Заседание закрыто, наконец, на исходе шестого часа. Над городом занимается серое и холодное осеннее утро. В постепенно светлеющих улицах блекнут горячие пятна костров. Посеревшие лица солдат и рабочих с винтовками сосредоточенны и необычны. Если в Петербурге были астрологи, они должны были наблюдать важные небесные знамения.

Столица просыпается под новой властью. Обыватели, чиновники, интеллигенты, оторванные от арены событий, набрасываются с утра на газеты, чтобы узнать, к какому берегу прибила их ночная волна. Но нелегко уяснить себе, что произошло. Правда, газеты сообщают о захвате заговорщиками Зимнего дворца и министров, но лишь как о мимолетном эпизоде. Керенский выехал в ставку, судьба власти будет решена фронтом. Отчеты о съезде воспроизводят только заявления правых, перечисляют ушедших и обличают бессилие оставшихся. Политические статьи, написанные до захвата Зимнего, дышат безоблачным оптимизмом.

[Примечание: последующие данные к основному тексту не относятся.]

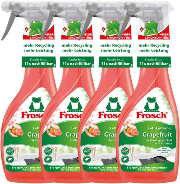 Különlegesen hatékony, természetes grapefruit kivonatot tartalmazó összetételével hatékonyan távolítja el a zsíros szennyeződéseket. Élelmiszerrel érintkező felületeken is használható, így tökéletes konyhai tisztítószer. Mikroműanyag mentes. A flakon 100%-ban újrahasznosított műanyagól készült. Jellemzői: - Kiszerelése: 4 x 500 ml - Zsíroldó hatású - Grapefrui

Слухи улицы не во всем совпадают с тоном газет. Как-никак министры сидят в крепости. От Керенского подкреплений пока не видно. Чиновники и офицеры волнуются и совещаются. Журналисты и адвокаты перезваниваются. Редакции собираются с мыслями. Оракулы гостиных говорят: надо окружить узурпаторов блокадой всеобщего презрения. Купцы не знают, торговать или воздержаться. Новые власти приказывают торговать.

Рестораны открываются. Ходят трамваи. Банки томятся дурными предчувствиями. Сейсмографы биржи чертят конвульсивную кривую. Конечно, большевики долго не продержатся, но, прежде чем свалится, они могут наделать бед.

Реакционный французский журналист Клод Анэ писал в этот день: «Победители поют песнь победы. И с полным правом. Посреди всех этих болтунов они действовали… Сегодня они пожинают плоды. Браво! Славная работа». Совсем иначе оценивали положение меньшевики. «Сутки всего прошло со дня „победы“ большевиков, – писала газета Дана, – и исторический рок уже начинает жестоко мстить им… вокруг них пустота, созданная ими самими… они изолированы от всех… весь служебный и технический аппарат отказывается им служить… Они… проваливаются в самый момент своего торжества в пропасть».

Ободряемые чиновничьим саботажем и собственным легкомыслием, либеральные и соглашательские круги странным образом верили в свою безнаказанность. О большевиках говорили и писали языком июльских дней: «наемники Вильгельма», «карманы красногвардейцев полны германских марок», «восстанием командуют немецкие офицеры…» Новая власть должна была показать этим людям твердую руку прежде, чем они начали верить в нее. Наиболее разнузданные из газет были задержаны уже в ночь на 26-е. Несколько других были конфискованы в течение дня. Социалистическую печать пока щадили: надо было дать левым эсерам, да и некоторым элементам большевистской партии, убедиться в беспочвенности надежд на коалицию с официальной демократией.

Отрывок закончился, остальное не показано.